#### DATA BELOW

--*--

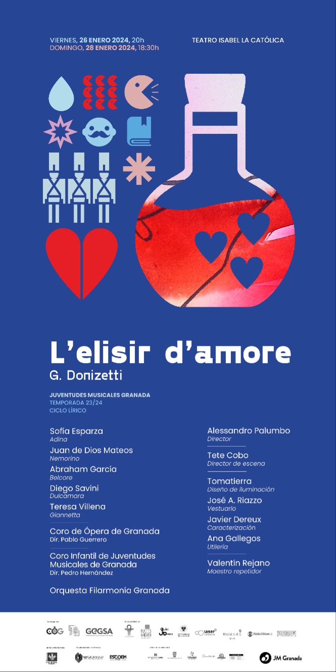 El próximo viernes, 26 de enero, y domingo, 28 de enero, en el Teatro Isabel La Católica, se podrá disfrutar de nuevo de todo un acontecimiento cultural como es una producción operística, con artistas de primer nivel, directores de prestigio internacional y nuestro Coro de Ópera de Granada y Coro Infantil de JM Granada. El título a representar: L'elisir d'amore de Gaetano Donizetti, una de las óperas más afamadas de todos los tiempos, brillante ejemplo del bel canto y del Romanticismo musical.
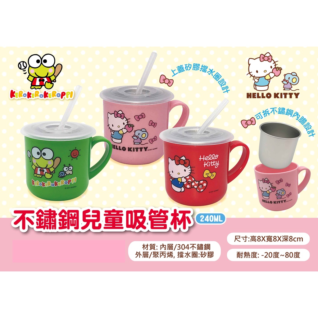 三麗鷗不鏽鋼兒童吸管杯240ml-Hello Kitty/大眼蛙【台灣正版現貨】大眼蛙|Hello Kitty-粉|Hello Kitty-紅Utensils小朋友上學趣
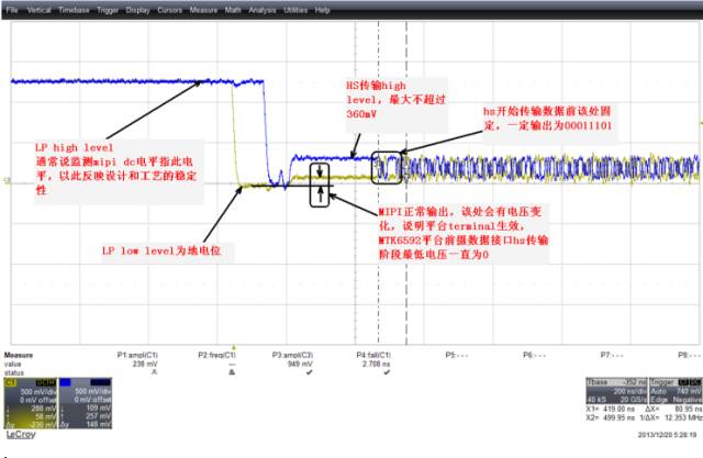 mipi的信號線是一對差分線,理論上可以高電平傳一個數(shù)據(jù),低電平也傳一個,速度又快,功耗又小。很多時候,平臺端的mipi時序和Sensor端如果不匹配,就會出問題。硬件問題的話,就亮信號!
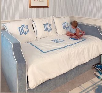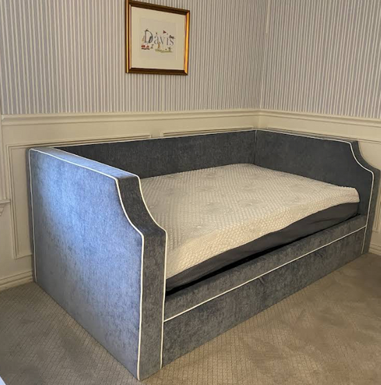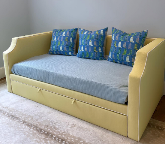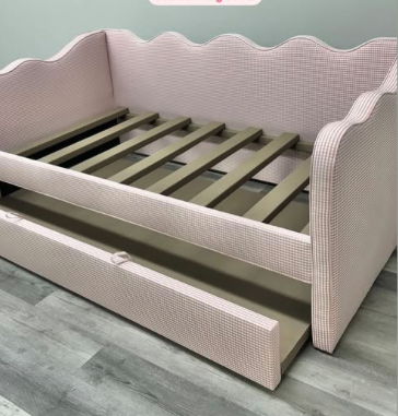 Twin Trundle Daybed - Scalloped - Pistachio Green Woven Fabric with White Trim

--*--

#### TASK
Everything in the material must be duplicated exactly, except the pictures.

#### RESULT FOR THIS TASK
 El próximo viernes, 26 de enero, y domingo, 28 de enero, en el Teatro Isabel La Católica, se podrá disfrutar de nuevo de todo un acontecimiento cultural como es una producción operística, con artistas de primer nivel, directores de prestigio internacional y nuestro Coro de Ópera de Granada y Coro Infantil de JM Granada. El título a representar: L'elisir d'amore de Gaetano Donizetti, una de las óperas más afamadas de todos los tiempos, brillante ejemplo del bel canto y del Romanticismo musical.
 三麗鷗不鏽鋼兒童吸管杯240ml-Hello Kitty/大眼蛙【台灣正版現貨】大眼蛙|Hello Kitty-粉|Hello Kitty-紅Utensils小朋友上學趣
 mipi的信號線是一對差分線,理論上可以高電平傳一個數(shù)據(jù),低電平也傳一個,速度又快,功耗又小。很多時候,平臺端的mipi時序和Sensor端如果不匹配,就會出問題。硬件問題的話,就亮信號!
 Twin Trundle Daybed - Scalloped - Pistachio Green Woven Fabric with White Trim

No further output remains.